Força extra à Oposição

Se esperava enfrentar uma oposição desorganizada, desmotivada nas eleições de outubro, o governador Flávio Dino (PCdoB) não tinha noção do estrago que poderia causar o afastamento de seu principal tutor e criador, o ex­-governador José Reinaldo Tavares (sem partido). Independentemente da posição que Tavares vier a adotar na eleição, seu gesto desponta como uma espécie de exortação à força dos que enfrentarão o comunista nas urnas em outubro.
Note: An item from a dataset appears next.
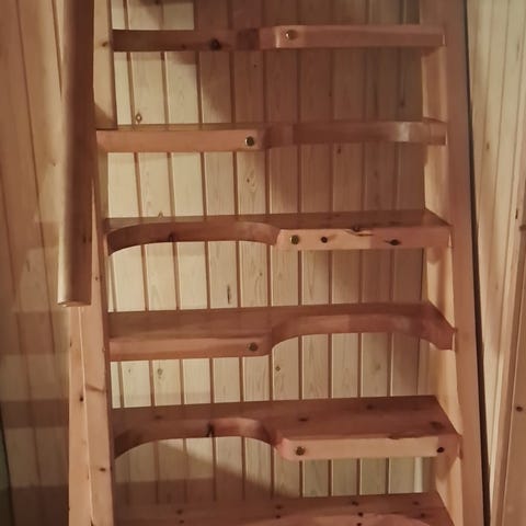 Myydään kokopuiset trendikkäät rimalliset portaat. Helppo purkaa koska ruuveilla koottu. Kun purat itse on portaat helppo jälleen koota. Mitat: portaan leveys 104 cm, kokonaisleveys 221cm, syvyys 255cm ja korkeus sisäkattoon 244 cm ja tasanne 114x210 kokoinen.

Desde o anúncio do rompimento do ex­-governador, lideranças de oposição passaram a conversar entre si, reunir­-se em articulações mil e a projetar cenários capazes de vislumbrar uma vitória contra o atual ocupante do Palácio dos Leões.

E nem mesmo um recuo de José Reinaldo ­ há quem ainda alimente esta hipótese ­ será capaz de amenizar os estragos causados na seara comunista, que resultaram em um “deus nos acuda” desde que a mídia anunciou seu afastamento.

Flávio Dino enfrentaria a ex­-governadora Roseana Sarney (MDB), o senador Roberto Rocha (PSDB), os ex-­deputados Maura Jorge (Pode) e Ricardo Murad (PRP), além de, provavelmente, o deputado Eduardo Braide (PMN), com cada um buscando ocupar seus espaços de forma isolada. Agora, todos têm a mesma percepção da fragilização comunista neste atual momento.

E vão para a disputa com gás renovado, cada um em sua faixa de atuação eleitoral.